WatchGuard, formally known as WatchGuard Technologies, Inc is a Seattle, Washington-based network security vendor. Its products are designed to protect computer networks from outside threats such as malware and ransomware.

The company was founded in 1996.

History
WatchGuard was founded in 1996 as Seattle Software Labs, Inc.  Its first product was a network firewall called the WatchGuard Security Management System, which included the WatchGuard Firebox "firewall in a box" security appliance, along with configuration and administration software.

In 1997, the company changed its name to WatchGuard Technologies, Inc.  

In July 1999, the company went public on NASDAQ.

In October 2006, the company was acquired for $151 million by private equity firms Francisco Partners and Vector Capital, and Bruce Coleman was brought on as interim CEO. 

In August 2007, Joe Wang became the company's permanent CEO, replacing Coleman.

In May 2014, CEO Wang stepped down and was replaced by interim CEO Michael Kohlsdorf, an operating partner with Francisco Partners. 
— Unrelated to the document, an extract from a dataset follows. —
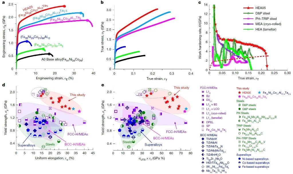 图4. (a-b)不同成分的复杂合金的工程应力-应变和真应力-应变曲线,(c) Fe35Ni29Co21Al12Ta3复杂合金的加工硬化性能与其他2GPa级超高强金属材料(D&P钢、马氏体钢、中高熵合金)对比,(d,e) Fe35Ni29Co21Al12Ta3复杂合金的屈服强度-均匀拉伸延伸率匹配和屈服强度-强塑积匹配与其他金属材料对比,室温力学性能组合明显超越目前报道的其他金属材料。
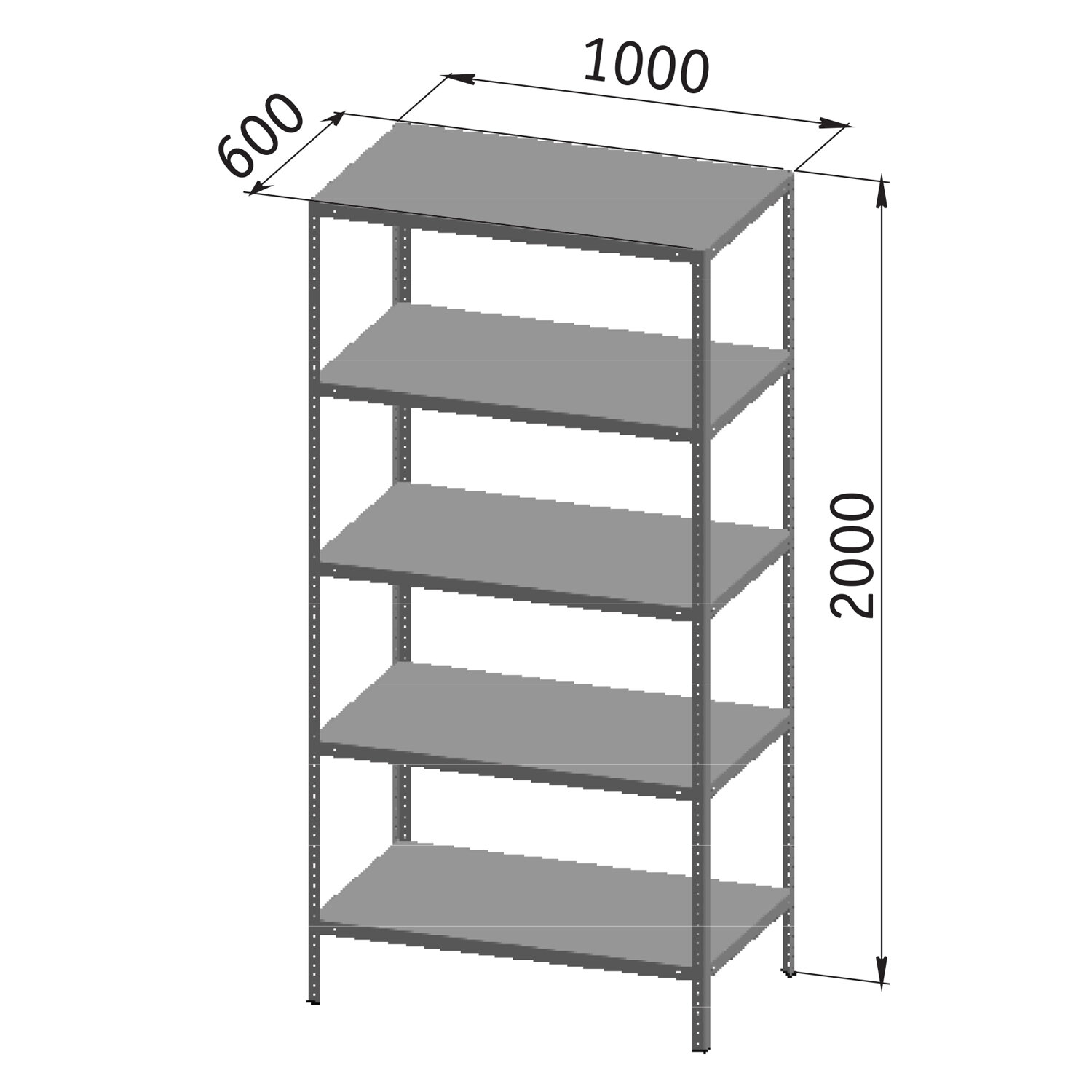 Стеллаж металлический «УНИВЕРСАЛ», 2000х1000х600 мм, УСИЛЕННЫЕ СТОЙКИ, 5 полок, регулируемые опоры, 290243

In April 2015, Kohlsdorf was succeeded as CEO by Prakash Panjwani. It was announced that both Panjwani and Kohlsdorf were joining WatchGuard's board.

In June 2016, the company acquired HawkEye G threat-detection and response technology from Hexis Cyber Solutions, now Sensage, part of KEYW Holding Corp.  In October, the company launched the WatchGuard Wi-Fi Cloud, to extend its network security to Wi-Fi networks.

In August 2017, WatchGuard acquired Datablink, a provider of multi-factor authentication software used to secure laptops, servers and other devices.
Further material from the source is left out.